The  apostolic exhortation ‘Amoris Laetitia’ by Pope Francis, published in April 2016, has received strong criticism from many quarters, ecclesiastical and lay, on the grounds that it legitimises the concept of  divorced/separated  Catholics who, while living active sex lives in a second relationship, avail themselves of Holy Communion. The exhortation has been described at best as ‘ambiguous’, and at worst contrary to Christ’s teaching, and the Pope has been asked publicly by four Cardinals, in the form of a Dubia, to clarify certain ambiguities inherent in the exhortation. 

It has been suggested that in ‘Amoris Laetitia’, the Pope places great emphasis on the inner workings of individual ‘conscience’, to the extent that a subjective viewpoint based on one’s own conscience, could in certain circumstances, effectively overturn the objective meaning and clarity of God’s commandments and the teaching of the Church, specifically  concerning  marriage and the Holy Eucharist.
           The teaching of the Church on marriage and receiving Holy Communion has always been clear and straightforward, yet now it appears that the Church might have been wrong – which in view of Christ’s promise is surely not possible? This post is not to discuss this particular matter at any length, but the question of ‘individual conscience’ over-riding God’s commandments, has existed since the fall of Adam.

 I have recently been reading a biography of Margaret Roper, the eldest daughter of Sir Thomas More, in which the matters of King Henry VIII’s divorce from Queen Catherine and his marriage to Ann Boleyn, followed by his self-appointment as Supreme Head of the Catholic Church in England, play a pivotal role in the history of that period, and indeed thereafter to the present day. Every person in the land was obliged by law and under oath, to sign their agreement and acquiescence to the King’s actions, failing which they incurred severe financial and status penalties, imprisonment,  and even execution on the gallows. To be sure, the reality of signing did not necessarily reflect agreement, and undoubtedly many signed contrary to their beliefs, probably taking the pragmatic view that they had no choice. It may well be that in conscience they were not unduly troubled, perhaps  believing that matters would right themselves in the future. Thomas More, who in conscience refused to take the oath, declined to blame any person or organisation i.e. Parliament, for supporting the King, considering that, on this question, the decision of every individual was theirs alone, and that each person had  responsibility for their own eternal destiny.  Nevertheless history has shown that governments and leaders of nations who choose in their laws and actions to ignore  God’s Commandments, and force this unbelief on their people, will inevitably create an ungodly nation, which in the case of England under King Henry VIII, resulted in the persecution and almost total destruction of the Catholic Church in England, and the rise of Protestantism.

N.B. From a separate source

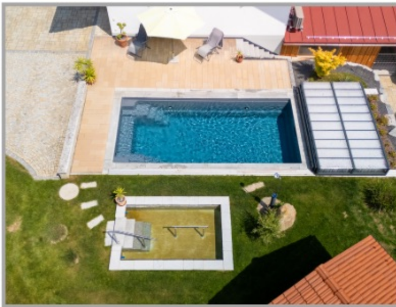
Pool und Kneippbecken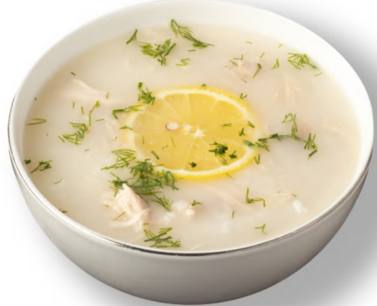
АВГОЛЕМОНО 290 ТРАДИЦИОННЫЙ КУРИНЫЙ СУП курица, рис, куриное яйцо, лимон, перец, соль (250мл.)

In his book ‘Margaret Roper’ by E.E.Reynolds, the author considers the relationship between Thomas More and his married daughter, Margaret Roper, with special emphasis on the period April 1534 to July 1535, when More was in prison awaiting trial on a charge of treason for failing to recognise the validity of King Henry VIII’s ‘marriage’ to Ann Boleyn, and for refusing to accept the King as Head of the Catholic Church in England. More was brought to trial on 1st July 1535, found guilty of 'treason', and executed on the scaffold on 6th July at Tower Hill in London.
    
         Whilst in prison, there was considerable correspondence by letter between  More and Margaret Roper, the eldest of his three daughters.  Some of this correspondence, reproduced in this biography, reveals the strong filial love and respect in which Margaret Roper held her father, even though at times, they appeared to have conflicting opinions, particularly relating to the ‘right’ response to the question of the King’s marriage to Ann Boleyn. Margaret Roper endeavoured to persuade her father to agree first on the Act of Succession (legitimising the right to the throne of any  offspring from the union of Henry and Ann Boleyn), and then the Act of Supremacy (the self-appointment of Henry as head of the Catholic Church in England), basing her arguments on the fact that, with the exception of Bishop John Fisher of Rochester, all the bishops and most of the clergy, and most of the nobility and persons of civic importance, many of whom were personal friends of her father, had signed these agreements, and surely her father should also sign.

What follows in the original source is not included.